My own preferred location would be the former Countrywide headquarters in Calabasas, just off the 101 at the western edge of the San Fernando Valley. The building, now used by Bank of America (Bank of America acquired Countrywide during the recession), has the size to be a museum, with 700 parking stalls and 230,000 square feet.
When I stopped by recently, signs said it was available for sale or lease. At a fair price — say $150 per square foot–the state could acquire it for $35 million. The state parks department could easily—and appropriately—buy it with money from the $54 million secret surplus it had accumulated (and saw exposed after the recession). And there’d still be money left over for operations.

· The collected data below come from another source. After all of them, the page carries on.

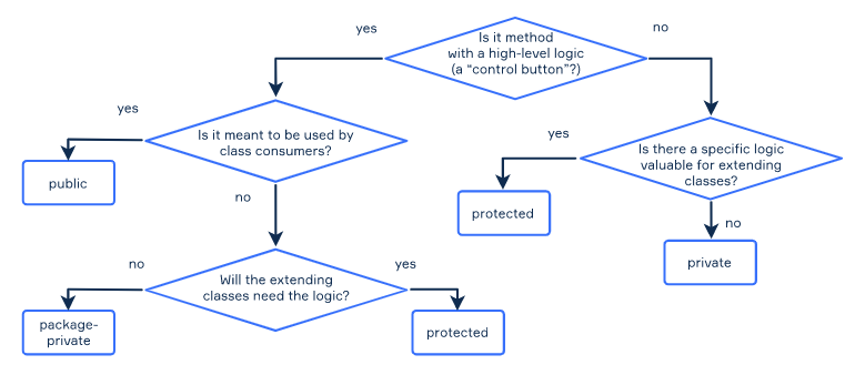 추상화되었지만, consumer는 쓰지 않고, extending class가 해당 로직이 필요하지 않으면 package-private
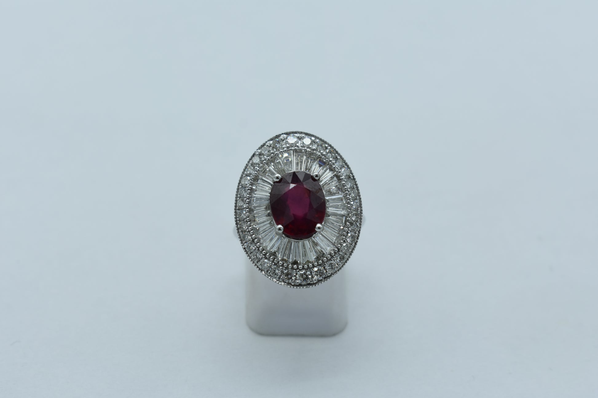 Anello di 5.70 grammi di oro bianco 750/1000 con 2.42 carati di diamanti e rubino centrale da 3.39 carati. L'anello ha una misura di 13 cm
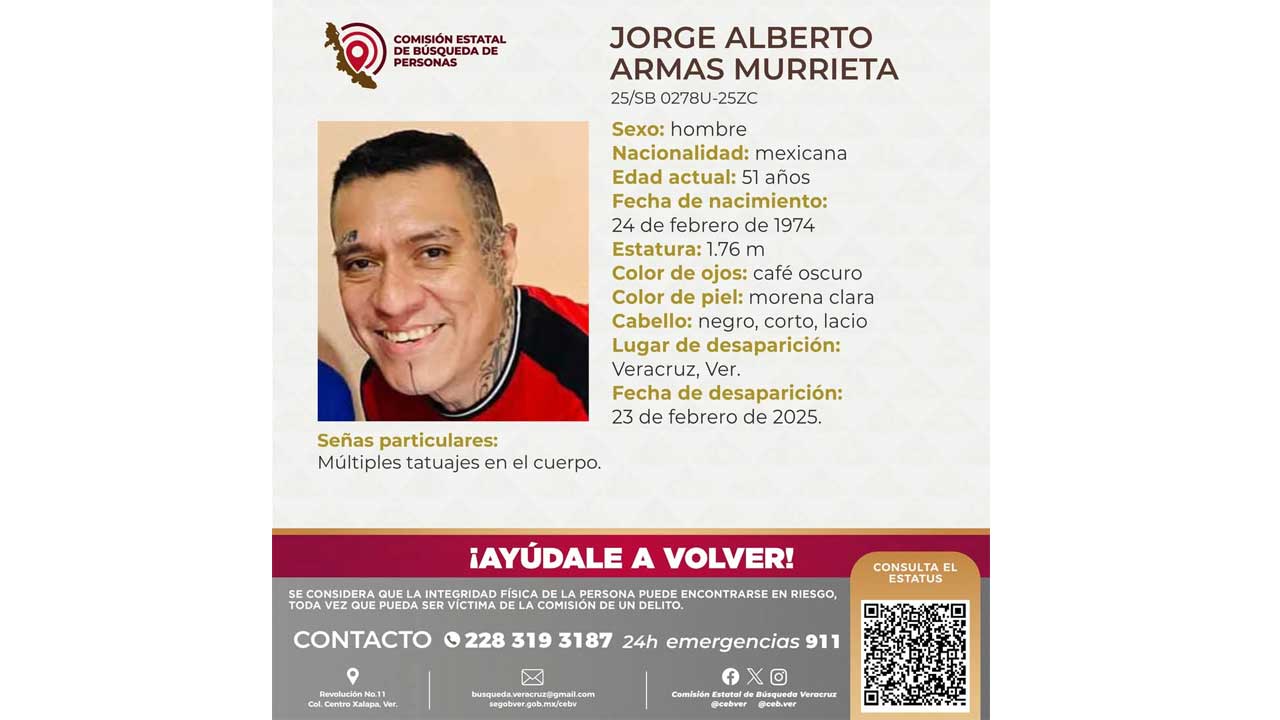 Veracruz, Ver.- La Comisión Estatal de Búsqueda reportó como desaparecido a conocido tatuador del puerto de Veracruz.
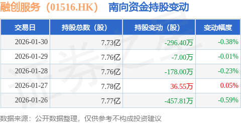 证券之星消息,1月30日南向资金减持296.4万股融创服务(01516.HK)。近5个交易日中,获南向资金减持的有4天,累计净减持902.66万股。近20个交易日中,获南向资金减持的有12天,累计净减持1095.0万股。截至目前,南向资金持有融创服务(01516.HK)7.73亿股,占公司已发行普通股的25.27%。
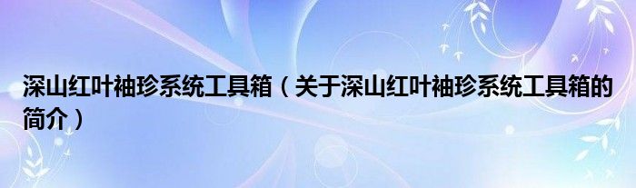 大家好,深山紅葉袖珍系統工具箱,關于深山紅葉袖珍系統工具箱的簡介很多人還不知道,現在讓我們一起來看看吧!

But I suspect this museum could pay for itself. The current rage for financial education would make the Museum of the Great Recession a natural for field trips. Californians have a history of supporting institutions built on economic crisis; arguably our most powerful think tank, on the Stanford campus, is named for its founder, President Herbert Hoover, who later ushered in the Great Depression.
Californians also love to visit places that offer a window on scandal. Perhaps membership at the Museum of the Great Recession could include free admission to the Hearst Castle in San Simeon, and the Nixon Library in Yorba Linda.
Joe Mathews is California & innovation editor for Zócalo Public Square, for which he writes the Connecting California column. He wrote this for Thinking L.A., a partnership of UCLA and Zócalo Public Square.